Hankin sold the property in 2021. Now two different townhouse projects are being developed on the site, one by West Philadelphia-based Guy Laren.
The apartment project is being built under the name of Cameron Square Partners LLC, which is registered at a West Philadelphia property owned by Laren.
On the Department of Licenses and Inspections website, violations for “walkway not provided” and a failure to post permits are being appealed by the Philadelphia-based developer, contractor, and property manager Vicintas.
Laren did not respond to a request for comment. Vicintas confirmed it is the general contractor and future property manager for the apartment building but did not reply to an interview request.
Hankin’s building permit is old enough that the Philadelphia Planning Commission decided it has to go through an advisory-only Civic Design Review process again, five years after its first go-around.

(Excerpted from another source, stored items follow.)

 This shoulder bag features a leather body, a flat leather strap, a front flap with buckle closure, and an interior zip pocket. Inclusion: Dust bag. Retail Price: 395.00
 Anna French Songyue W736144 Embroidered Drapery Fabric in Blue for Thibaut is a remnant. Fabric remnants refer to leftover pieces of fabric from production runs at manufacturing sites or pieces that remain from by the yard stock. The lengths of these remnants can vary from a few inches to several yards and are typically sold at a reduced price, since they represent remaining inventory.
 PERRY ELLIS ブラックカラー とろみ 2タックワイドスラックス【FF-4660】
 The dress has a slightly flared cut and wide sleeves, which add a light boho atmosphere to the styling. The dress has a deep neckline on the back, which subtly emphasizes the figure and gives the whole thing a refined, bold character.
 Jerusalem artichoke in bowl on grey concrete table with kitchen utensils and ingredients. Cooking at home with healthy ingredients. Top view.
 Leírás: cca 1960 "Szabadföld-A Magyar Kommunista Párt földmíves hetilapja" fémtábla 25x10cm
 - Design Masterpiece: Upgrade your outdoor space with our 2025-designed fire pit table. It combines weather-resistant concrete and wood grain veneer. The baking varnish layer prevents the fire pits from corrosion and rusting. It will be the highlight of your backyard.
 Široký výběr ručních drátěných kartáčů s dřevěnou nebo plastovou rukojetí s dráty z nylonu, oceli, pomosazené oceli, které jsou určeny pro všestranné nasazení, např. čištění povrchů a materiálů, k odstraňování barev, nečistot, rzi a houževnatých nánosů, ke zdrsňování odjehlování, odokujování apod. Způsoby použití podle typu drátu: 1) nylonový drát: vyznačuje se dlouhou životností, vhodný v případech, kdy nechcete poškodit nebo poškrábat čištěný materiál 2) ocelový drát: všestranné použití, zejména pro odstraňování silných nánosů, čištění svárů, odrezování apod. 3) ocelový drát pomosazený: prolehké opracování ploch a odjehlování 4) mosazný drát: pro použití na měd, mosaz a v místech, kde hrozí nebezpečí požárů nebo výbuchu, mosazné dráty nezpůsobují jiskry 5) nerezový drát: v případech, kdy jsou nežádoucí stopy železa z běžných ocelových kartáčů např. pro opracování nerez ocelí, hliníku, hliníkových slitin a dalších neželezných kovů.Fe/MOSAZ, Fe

The new iteration of the project is different from what Hankin proposed, with 110 instead of 115 apartments but larger layouts. It has a new architect, too, with Philadelphia-based Harman Deutsch Ohler Architecture replacing global firm NORR.
“The new owner wanted some bigger units, so we’re down five units, and we increased the height by five feet, and then we redid the entire facade,” said Rustin Ohler, a principal with the firm.
The new plans call for 40 one-bedroom apartments and 35 two-bedroom units, with the remainder mostly being larger studio units known in the industry as “junior one-bedrooms”.
The apartments will have “more square footage, not necessarily more bedrooms,” Ohler said. “The previous design had a lot of studios. This is more ones and twos [bedrooms], and they’re a little larger than your average new construction coming to the market.”
Parking has been reduced from 52 to 48 spaces, although the development team plans to expand the number of spaces by automating the garage.
Such a system would eliminate the need for people to enter the facility, depending on mechanical systems to distribute and receive cars and allowing for a much larger parking capacity.
The apartment building contains no retail but will have amenities including a gymnasium and a narrow roof deck, including a dog park, that is set back from edge so it is not visible from the street.
At a June meeting of the Civic Design Review committee, a representative of the United Francisville Civic Association criticized the amount of parking in the project, the increased height, the roof deck, and the new building materials.
“What was originally approved was a five-story building,” said the representative, whose name was obscured in a recording. “This is now a six-story building, and it really towers above. It just adds a lot more height to the building based on the surroundings.”
At the June and July meetings, however, Ohler noted that the three projects on the triangle lot are already under construction and that the apartment project is hemmed in by the bordering townhouse developments.
That restricts what changes could be made to the architecture and layout of the project, despite community concerns.
The development team increased “the garage ceiling height in order to accommodate future stacked mechanical parking, which would potentially double our number of cars that we could have,” Ohler said.
Since the June meeting, the development team also added darker brick spelling out “801,″ as an identifier on the building’s south facing facade and entrance.
Ohler noted that the roof deck has been broken up into four separate pockets to prevent large groups of residents from congregating. It also was pushed back from the street to accommodate neighbor concerns.
“The roof decks have been designed to be centered into the building, so that nobody can get near the edge,” Ohler said. “And we did add the solar panels, there’s no way for anybody to get near the edge, so that would address their concerns of sound from the roof deck.”